◆ Data for processing:
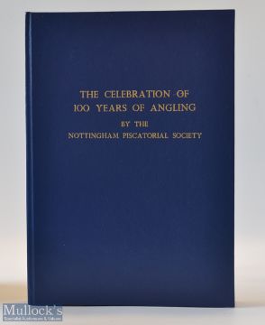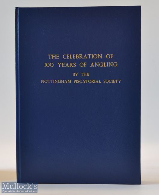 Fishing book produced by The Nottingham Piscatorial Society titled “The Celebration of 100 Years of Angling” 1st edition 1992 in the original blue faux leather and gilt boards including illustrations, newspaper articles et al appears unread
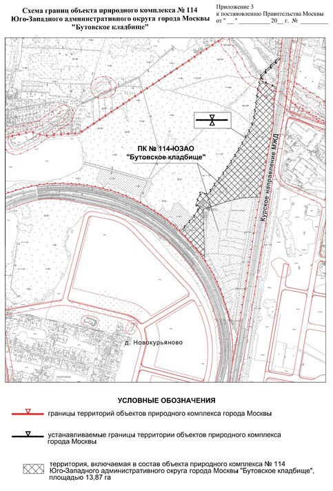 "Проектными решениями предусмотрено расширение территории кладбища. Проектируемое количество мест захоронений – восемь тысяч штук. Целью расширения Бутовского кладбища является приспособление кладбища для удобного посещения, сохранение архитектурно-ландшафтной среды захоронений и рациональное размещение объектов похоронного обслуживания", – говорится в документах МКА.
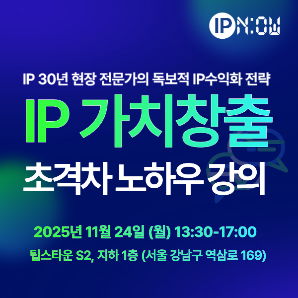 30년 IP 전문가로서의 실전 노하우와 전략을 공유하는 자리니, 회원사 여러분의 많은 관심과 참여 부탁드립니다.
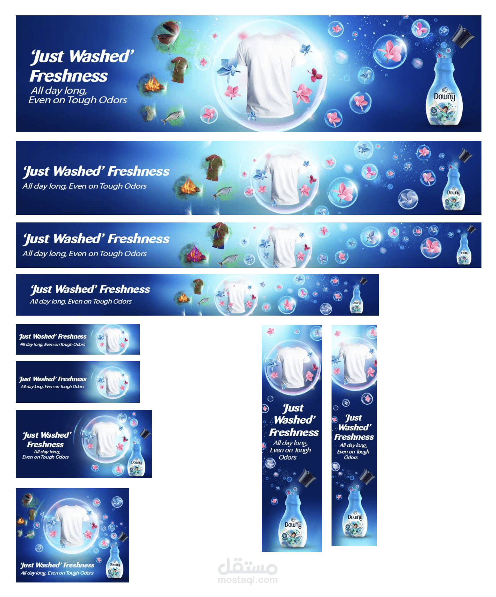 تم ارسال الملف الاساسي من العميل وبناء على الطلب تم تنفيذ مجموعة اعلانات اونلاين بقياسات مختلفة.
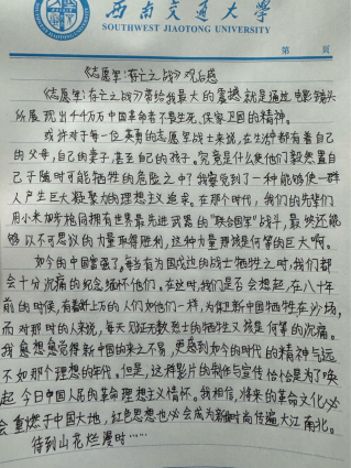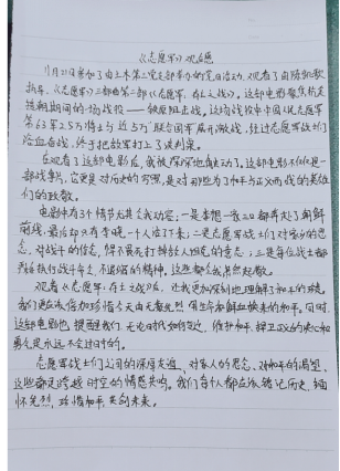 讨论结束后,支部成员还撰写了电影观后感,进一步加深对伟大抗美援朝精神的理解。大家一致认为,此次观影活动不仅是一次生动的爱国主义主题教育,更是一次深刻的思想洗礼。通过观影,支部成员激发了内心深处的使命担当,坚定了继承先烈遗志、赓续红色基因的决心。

◆ Exercise:
Without including any images, output the data exactly as given.

◆ Finished exercise:
 Fishing book produced by The Nottingham Piscatorial Society titled “The Celebration of 100 Years of Angling” 1st edition 1992 in the original blue faux leather and gilt boards including illustrations, newspaper articles et al appears unread
 "Проектными решениями предусмотрено расширение территории кладбища. Проектируемое количество мест захоронений – восемь тысяч штук. Целью расширения Бутовского кладбища является приспособление кладбища для удобного посещения, сохранение архитектурно-ландшафтной среды захоронений и рациональное размещение объектов похоронного обслуживания", – говорится в документах МКА.
 30년 IP 전문가로서의 실전 노하우와 전략을 공유하는 자리니, 회원사 여러분의 많은 관심과 참여 부탁드립니다.
 تم ارسال الملف الاساسي من العميل وبناء على الطلب تم تنفيذ مجموعة اعلانات اونلاين بقياسات مختلفة.
 讨论结束后,支部成员还撰写了电影观后感,进一步加深对伟大抗美援朝精神的理解。大家一致认为,此次观影活动不仅是一次生动的爱国主义主题教育,更是一次深刻的思想洗礼。通过观影,支部成员激发了内心深处的使命担当,坚定了继承先烈遗志、赓续红色基因的决心。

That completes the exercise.